(Dis)honoring the Past: Hebrew University Faces Pressure to Remove Sex Harassers’ Portraits

Head of Israel Women’s Network calls to take down pictures of two dismissed directors of university’s Truman Institute

Students at Hebrew University in Jerusalem, March 31, 2015.
Olivier Fitoussi

The administration of Hebrew University has ignored repeated calls in recent months to take down from its walls portraits of professors who were dismissed because of sexual offenses against students.

Portraits of the heads of the Harry S. Truman Research Institute for the Advancement of Peace over the generations are on display at the institute, including those of Prof. Eyal Ben-Ari and Prof. Mario Schneider. They were dismissed after being found to have committed sexual offenses against students, including abusing their authority to have intimate relations with students.

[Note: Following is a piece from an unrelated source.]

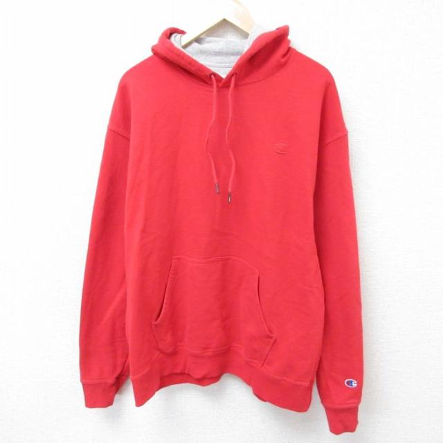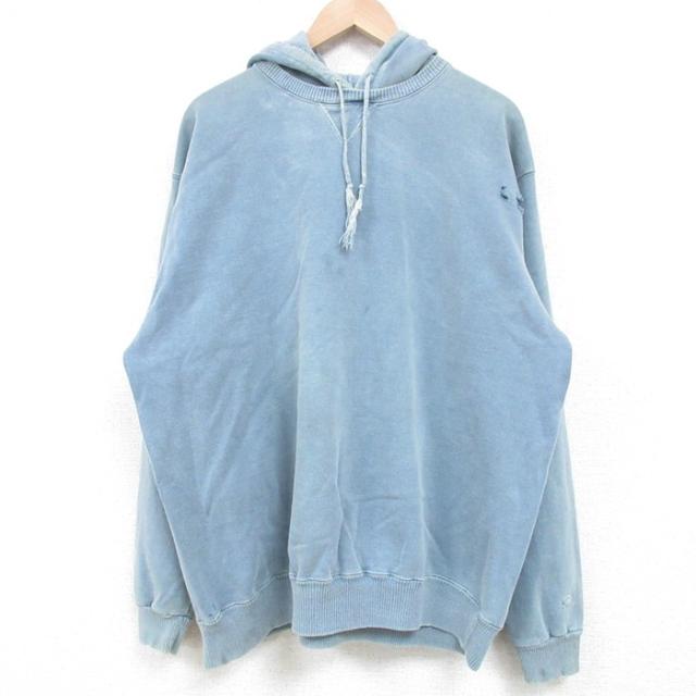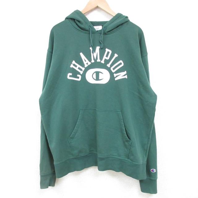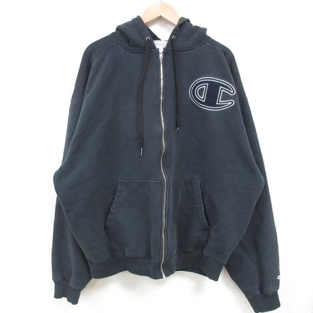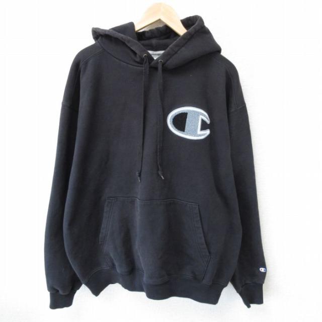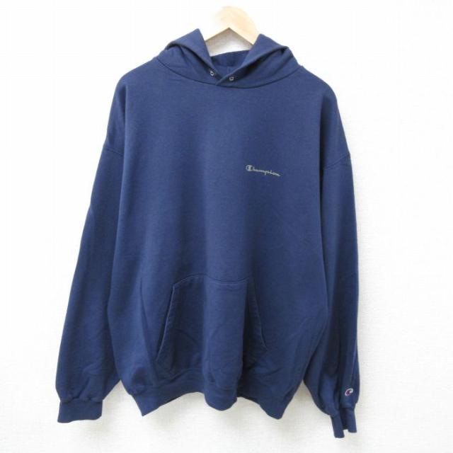 古着 チャンピオン Champion 長袖 スウェット パーカー メンズ ビッグロゴ 紺 ネイビー XLサイズ 中古 スエット トレーナー ト 中古 古着

University President Menahem Ben-Sasson and the university’s rector, Prof. Asher Cohen, have received requests over the past few months to intervene and express their opinion on the matter, but have not responded.

In one request to Ben-Sasson and Cohen, the head of the Israel Women’s Network, Michal Gera Margaliot, asked in a letter that the pictures of the two professors be removed, or at least that text be prominently displayed near their picture that mentions the seriousness of their offenses.

“Schneider and Ben-Ari were dismissed after they took advantage of their position, and the decision to grant them the honor of having their portraits on display spits in the face of the victims and the men and women who come to the institute and the university,” she wrote. Leaving the portraits in place conveys a message that such offenses “are not serious enough, so that those who committed them are still worthy of honors by the institute and the university,” Margaliot added. She hasn’t received a reply.

Schneider was dismissed from Hebrew University in 2015 after a student, Efrat Yaakov, filed a complaint that he had committed indecent acts. The university subsequently signed an agreement with Schneider that he would not return to teach or advise students, and to compensate Yaakov in the amount of 95,000 shekels ($26,660).

In 2011, a university disciplinary tribunal determined that Ben-Ari was guilty of conduct unbecoming a faculty member toward three female students he was advising. Ben-Ari was suspended for two years and eventually dismissed and barred from again serving as a student adviser.

The university responded: “The matter is being dealt with. The heads of the institute are abroad in the framework of their work; the issue will come up for discussion at the beginning of the academic year.”